Startups Revenue forecasting — Knowing when things have really changed
By Omri Goldberg, Data Scientist — Liquidity Capital
One of the key challanges in forecasting is in detecting when a real and significant shift has occurred within the business’s core KPIs. Separating the signals from noise becomes significantly harder when what one is looking for is most likely to be represented by a somewhat noisey process. Let’s take forecasting a startup’s future revenue, a key area of focus at Liquidity, it is crucial to understand if truly a shift has occurred or whether we are witnessing fluctuations around an existing trend. Knowing if the rate of revenue growth has truly accelerated or decelerated, if a new product strategy is working well, or if the market conditions are closing on an incumbent startup are critical factors for Liqudity’s risk assessment.
Commonly, manual processes performed by investment analysts entails the usual sniffing and combing through of various spreadsheets and slides, sometimes trying to gently force the data and trends to adopt a narrative. This where we might “see” a change in a metric that didn’t not really occur, or an omitted one if it is not communicated or accounted for. “Did things really start changing in April? Is the new pricing model kicking already?” Those are the questions and dilemmas we usually encounter.
The standard statistical tools out there do not outperform the judgment of an analyst by any means. They tend to smooth things out, creating a delayed response to change. These methods usually revolve around moving averages, sliding windows, and truncating past periods putting higher weights on recent periods.

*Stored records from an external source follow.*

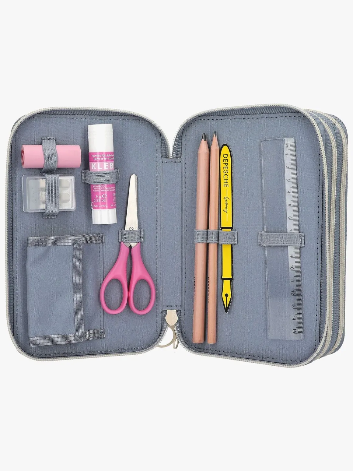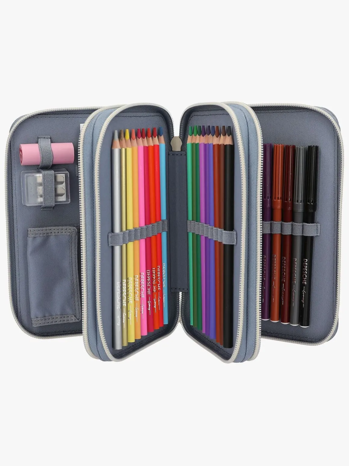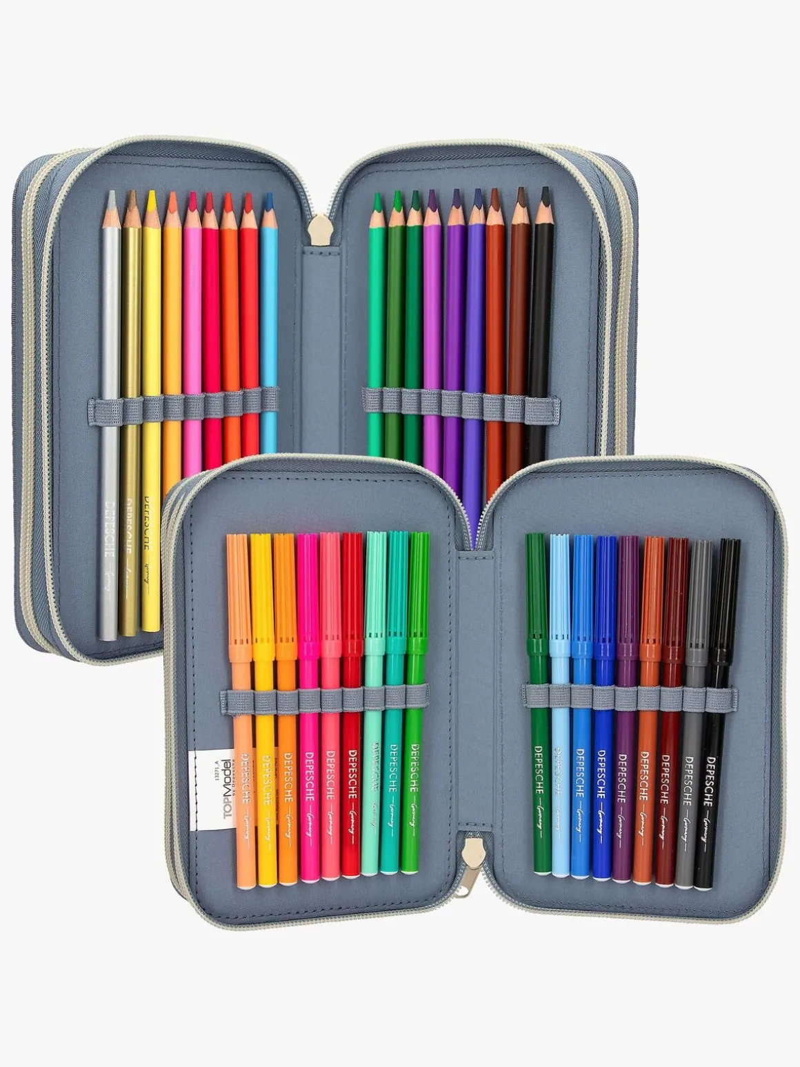 – Indeholder: 1 penalhus, 18 farveblyanter, 18 tusser, 2 blyanter, 1 saks, 1 limstift, 1 blyantspidser, 1 lineal, 1 viskelæder.
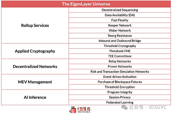 AVS 是 EigenLayer 提供的经济安全所服务的对象。根据 EigenLayer 的官方文档,AVS 涵盖以下基础设施:侧链、数据可用性层、新虚拟机、守护者网络、预言机网络、跨链桥、阈值加密方案、可信执行环境等等。下表列举了更多可能基于 AVS 进行构建的类型。
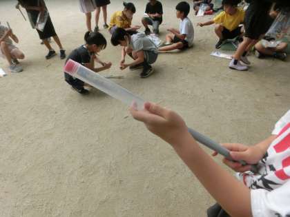 空気は押し縮めることができて、その力で物を動かすことができます。水は押し縮めることができません。このことを利用して、栓を飛ばす実験をしました。
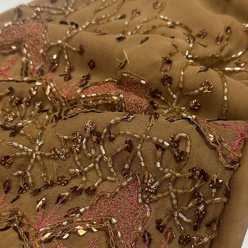 Шифон шелковый с вышивкой 068-20795 карамельный ОСТАТОК 1,3 метра в Ухте
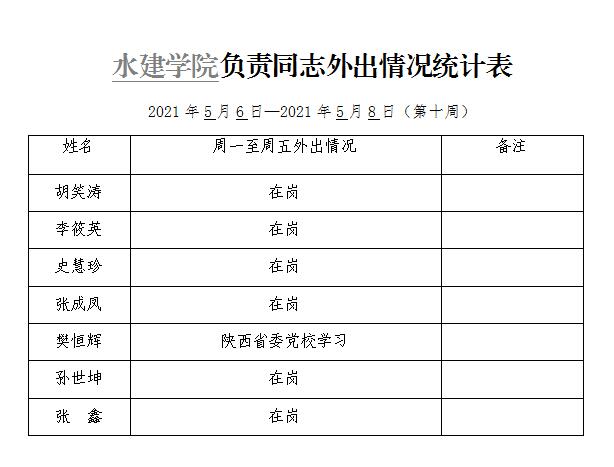 » 六合彩结果 负责同志外出情况统计表(第十周)
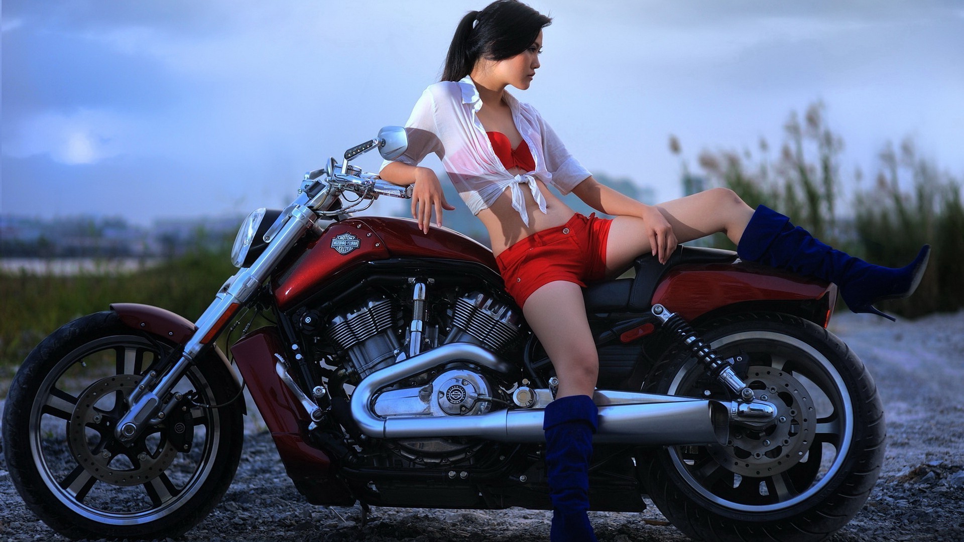 Fantastisches Mädchen auf einem Motorrad auf einem Sonnenuntergang Hintergrund

There are more sophisticated approaches, based on linear regressions such as piecewise linear. These methods tend to be substantially more “alarmist” and overflow the user with false signals. Using these methodologies will mostly likely result in never ending discussions or pile on significant offline work.
In order to address this challenge, we developed a model in which we scan the actual data and find possible break points — significant pattern change. After finding the possible break point, the model tests those points and estimates the best scenario for the break point. This breakpoint is then undergoes a few stress tests to determine whether it is an actual breakpoint, based on statistical significance.
This iterative approach for identifying breakpoints is used as a feature in a comprehensive ML based model for assessing the risk associated with providing financial facilities. When our risk assessment model detects a significant change or anomaly, it determines that there is increased associated risk level with the startup.